- ICH GCP
- US Clinical Trials Registry
- Clinical Trial NCT05036239
Recovery From 50 Eccentric Biceps Curls in Young, Untrained Men and Women
Recovery After Exercise-Induced Muscle Damage
Study Overview
Status
Intervention / Treatment
Detailed Description
Regardless of whether an individual is in rehabilitation or exercise for general health or athletic performance, resistance exercise is an essential form of exercise when the goal is to increase muscle mass, strength and function. Although, resistance exercise primarily is associated with positive effects it may also result in muscle damage when the exercise is of high intensity and/or unaccustomed. This is known as exercise-induced muscle damage (EIMD) and is reflected by a substantial decrease in force-generating capacity and often accompanied by intracellular swelling and delayed onset muscle soreness. On a cellular level, EIMD include myofibrillar disruption, inflammatory response and in severe cases of EIMD; myofibre necrosis. While EIMD with its symptoms clearly is evident, its underlying mechanisms are still to be fully elaborated.

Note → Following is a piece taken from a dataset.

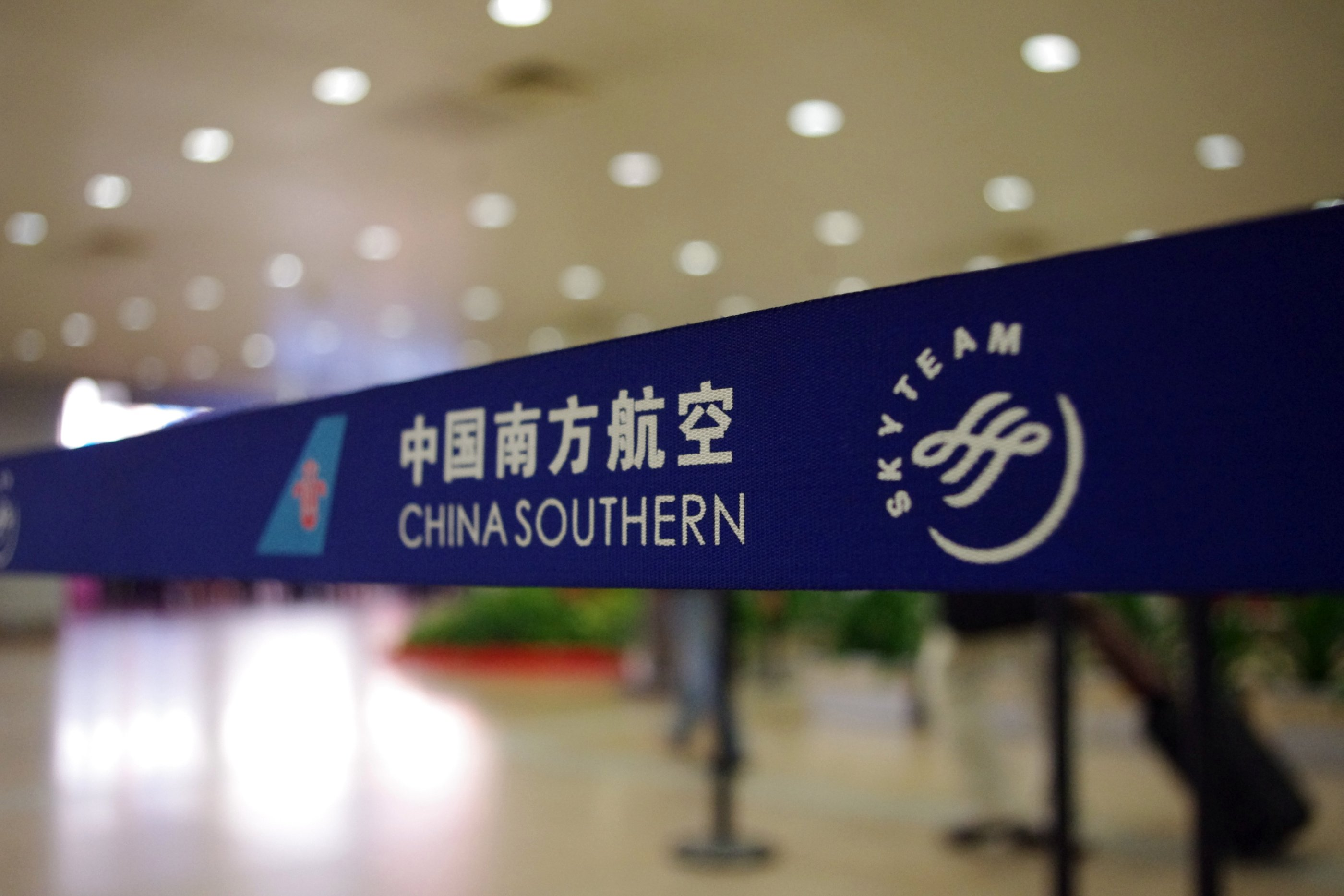 Arrival Hall in Beijing Capital International Airport

One interesting hypothesis regarding the molecular basis of decreased muscle strength as a result of EIMD, is related to the strain of this exercise mode causing "popped" sarcomeres. When sarcomeres are stretched beyond actin-myosin overlap, some sarcomeres may over-stretch. This results in overload of membranes, leading to opening of stretch-activated channels, and subsequently influx of Ca2+. High levels of cytoplasmic Ca2+ may cause degradation of contractile proteins or Excitation-Contraction coupling proteins mediated through increased calpain activity. However, a recent study by Cully and colleagues (2017) suggest a protective mechanism post heavy-load strength training related to Ca2+-handling. Cully et al. observed formation of vacuoles in longitudinally connecting tubules post exercise when exposing fibers to 1.3 μM [Ca2+] in the cytoplasma. These vacuoles provide an enclosed compartment where Ca2+ can be accumulated, preventing Ca2+ from initiating damage to the muscle. The role of Ca2+-regulation in recovery of muscle function warrants further investigation and clarification.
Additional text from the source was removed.